OCD and Christianity


The majority of recent scientific papers on OCD deal with the biomedical aspect of the illness. Research in this area is so impressive that the United States Congress has seen fit to include OCD among a small group of mental disorders covered by the Mental Health Equitable Treatment Act. Thus, OCD has been officially recognized as being just as “biologically based” as diabetes or heart disease, and therefore deserving of the same insurance coverage.

The occurrence of obsessions and compulsions has been irrefutably linked to chemical changes in the brain. Studies of neurotransmitters—chemicals that serve as messengers  between brain cells—reveal that one called serotonin is abnormally active in individuals who suffer from obsessive-compulsive disorder. When concentrations of this neurotransmitter are altered by medications, the severity of the disorder changes dramatically.

Studies of brain anatomy demonstrate that OCD sufferers possess a larger number of working brain cells than other people. This interesting finding makes intuitive sense, since their problem is that they think too much. As it turns out, all of us are born with an excess of brain cells. Their absolute numbers decrease through the years as our brains become more streamlined and efficient, a process referred to as “pruning.” There is speculation that obsessive-compulsive disorder may reflect a failure in this aspect of brain maturation.
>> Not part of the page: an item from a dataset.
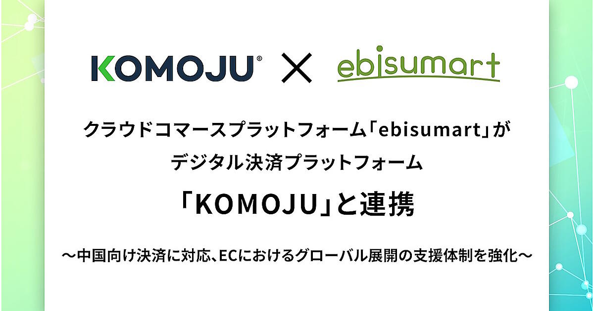 連携内容は、「ebisumart」導入企業向けの越境対応の決済連携。「ebisumart」導入企業は「KOMOJU」利用することで、中華圏を中心に利用が拡大している決済手段「WeChat Pay」「Alipay」を自社ECサイトへ簡単に導入できるようになる。

Studies of brain physiology provide the most dramatic evidence for obsessive-compulsive disorder’s biochemical roots. Advanced brain-scanning techniques, such as positron emission tomography (PET) and magnetic resonance imaging (MRI), allow researchers to see where brain cells are actively at work. For instance, if a person is scanned while studying a book, the visual center in the back of the brain lights up on the screen. If a person is solving a puzzle, the frontal lobe stands out. In people suffering from obsessions, it is the basal ganglia, a grape like cluster of cells located deep in the brain, that lights up abnormally. Aberrations in the basal ganglia are apparent in obsessional patients at rest, and they increase when patients are exposed to situations that intensify their obsessional fears. Some experts now even refer to OCD as a “basal ganglia disease.” Stroke, head injury, and carbon monoxide poisoning can all cause the occurrence of obsessions and compulsions when they damage the nerve cells of this region. Even streptococcal infections (“strep throat”) can lead to obsessive-compulsive disorder through the production of antistreptococcal antibodies that damage the basal ganglia.

Harvard’s Roger Pitman suggests a helpful analogy: The basal ganglia works like a computer using a match-mismatch mechanism to identify certain thoughts that are of special importance for survival—specifically, those conveying a danger message. In the basal ganglia, an image or idea is compared against preexisting wishes, fears, and memory traces. If there is a match, the thought harmonizes with associations about the self and the world, and it is dismissed from consciousness. If there is not a match, the idea is returned to the cortical areas of the brain for further conscious appraisals. Normally, an idea is dismissed when it should be—when, through conscious reflection, an individual realizes that danger does not lurk. In obsessive-compulsive disorder, however, the idea is kept in strong conscious awareness long after the individual himself knows that it should be dismissed.